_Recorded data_
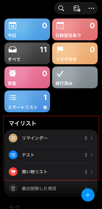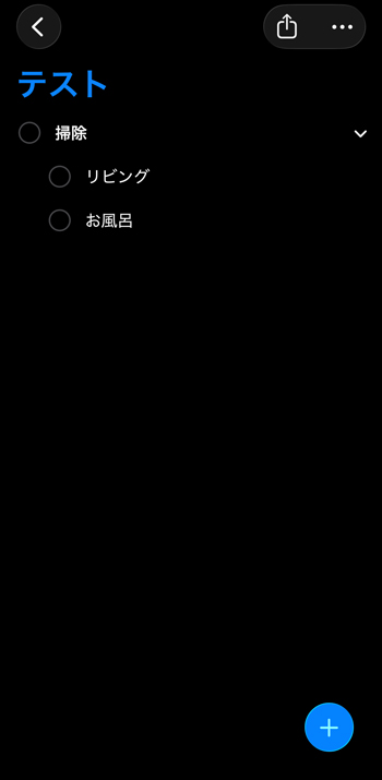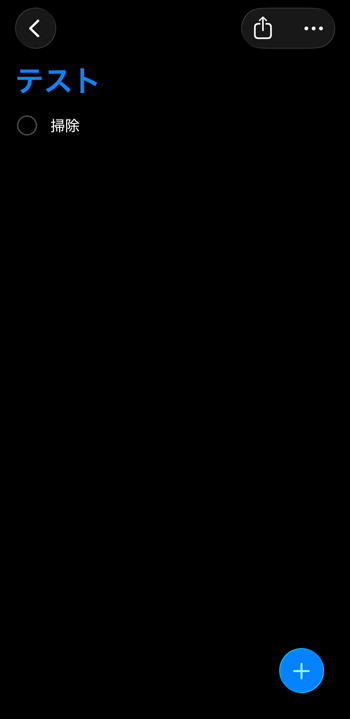 リマインダーはマイリストの中の空いているスペースをタップすることでも作成できます。下記は「テスト」という名前のマイリストの中身です。
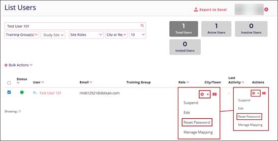 - Click on Reset Password from the Actions Dropdown
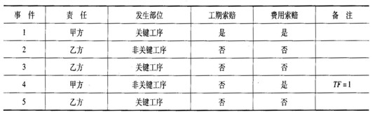 2.索賠事件分析見表1(2分)。
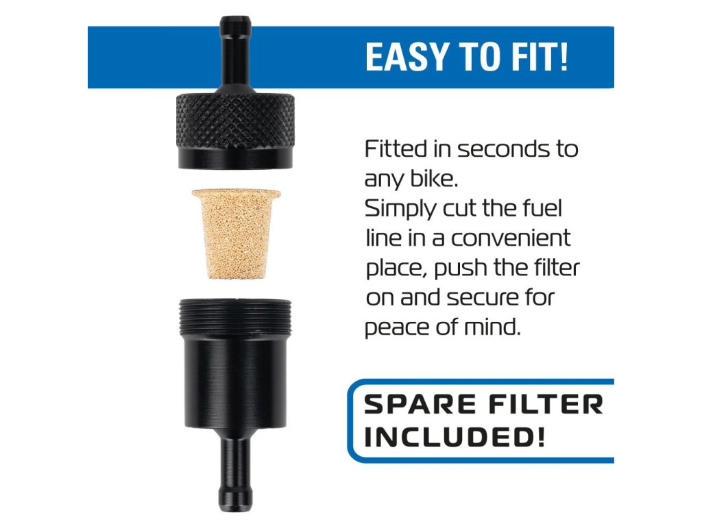 Tento filter možno namontovať na akýkoľvek motocykel v priebehu niekoľkých sekúnd. Stačí prerezať palivové potrubie na vhodnom mieste, namontovať filter a zabezpečiť ho na mieste, aby ste mali istotu.
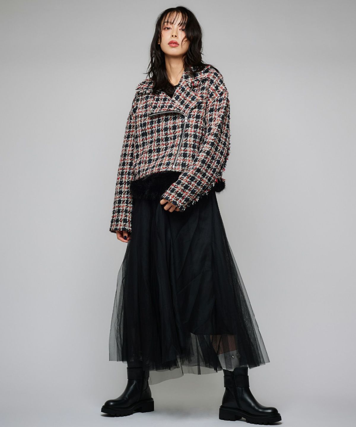 ツイードライダースジャケット
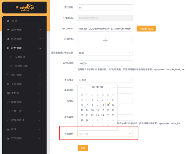 - 1、开发者应用,支持设置有效日期,到期后API接口自动失效
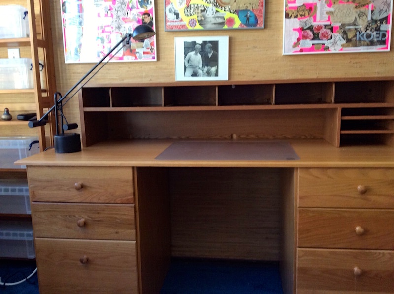 Meanwhile, here’s the oak desk (originally from the study in my Columbus OH house, now in my Ramona St. bedroom), with accessories:
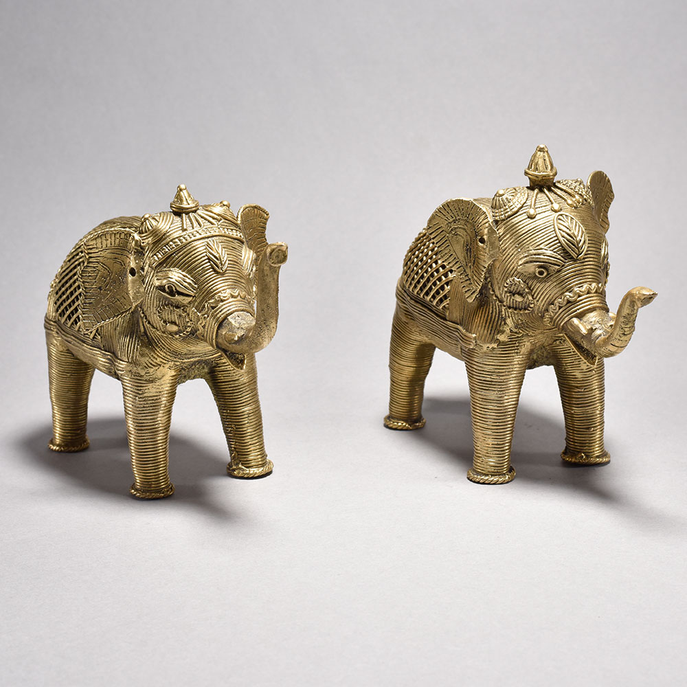 Bring the beauty of India's rich tribal heritage into your home with this stunning pair of large-scale metal elephant sculptures. Crafted with intricate jalli work and exquisite detailing, these majestic creatures will captivate all who lay eyes on them.These regal elephants are more than just beautiful objects - they're a celebration of India's vibrant cultural traditions. Display them proudly and let their timeless elegance transport you to the heart of the subcontinent. Whether a gift or a treat for yourself, this pair of tribal art masterpieces will be cherished for years to come. Handmade from premium metal in the Orissa region of India This timeless piece is handcrafted by skilled artisans using time-honored techniques, ensuring each creation is truly one of a kind. Its versatile design makes it suitable for living rooms, bedrooms, offices, or meditation spaces, bringing a sense of heritage and style wherever it is displayed. This timeless piece is handcrafted by skilled artisans using time-honored techniques, ensuring each creation is truly one of a kind. Its versatile design makes it suitable for living rooms, bedrooms, offices, or meditation spaces, bringing a sense of heritage and style wherever it is displayed.

_PROBLEM_
Every line above in the stretch from the one with "- 1、开发者应用,支持设置有效日期,到期后API接口自动失效" through the one with "Meanwhile, here’s the" is to be transcribed exactly, ends included. No picture is copied.

_YOUR SOLUTION_
 - 1、开发者应用,支持设置有效日期,到期后API接口自动失效
 Meanwhile, here’s the oak desk (originally from the study in my Columbus OH house, now in my Ramona St. bedroom), with accessories:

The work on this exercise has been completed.